Markus Stumptner,Wolfgang Mayer,Georg Grossmann,Jixue Liu,Wenhao Li,Pompeu Casanovas,Louis De Koker,Danuta Mendelson,David Watts,Bridget Bainbridge
Abstract:Traditionally the integration of data from multiple sources is done on an ad-hoc basis for each analysis scenario and application. This is a solution that is inflexible, incurs in high costs, leads to "silos" that prevent sharing data across different agencies or tasks, and is unable to cope with the modern environment, where workflows, tasks, and priorities frequently change. Operating within the Data to Decision Cooperative Research Centre (D2D CRC), the authors are currently involved in the Integrated Law Enforcement Project, which has the goal of developing a federated data platform that will enable the execution of integrated analytics on data accessed from different external and internal sources, thereby providing effective support to an investigator or analyst working to evaluate evidence and manage lines of inquiries in the investigation. Technical solutions should also operate ethically, in compliance with the law, and subject to good governance principles.
What problem does this paper attempt to address?
This paper aims to address the challenges faced by law enforcement agencies when processing and analyzing data from multiple different sources. Specifically, the paper attempts to solve the following main problems:
1. **Flexibility and Cost of Data Integration**: Traditionally, data integration is an ad - hoc operation for each analysis scenario and application. This method lacks flexibility, is costly, and leads to "data silos", which hinders data sharing between different agencies or tasks. Moreover, this approach cannot cope with the frequent changes in workflows, tasks, and priorities in the modern environment.

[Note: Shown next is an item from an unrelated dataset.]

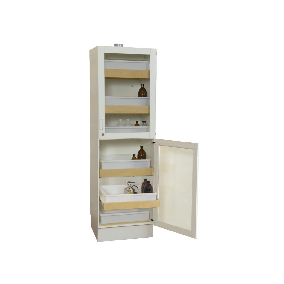 Ventilert skap for syrer og baser med glassdører, delt inn i to seksjoner for separat oppbevaring av syrer og baser. Skapet er produsert i høytrykkslaminat. 6 hylleplan, hvorav 4 er uttrekkbare, samt 6 skuffer i polypropylen (18 liter). Skuffene kan løftes ut av skapet. Hyllekapasitet: 50 kg jevnt fordelt belastning. Ventilasjonskanal i bakvegg og tilkoblingsstuss i toppen (Ø 100 mm). Skapet leveres med ASSA‑sylinderlås med to nøkler (montert ved levering).

2. **Large - scale Data Analysis**: With the explosion of intelligence and other data volumes, how to extract the maximum value from these vast amounts of data has become a major challenge. Usually, only a small fraction of the current data can be analyzed.
3. **Legal Compliance and Governance**: Technical solutions need to be not only efficient but also compliant with legal requirements and follow good governance principles. This means that the acquisition, sharing, and analysis of information must be carried out within the framework of the rule of law.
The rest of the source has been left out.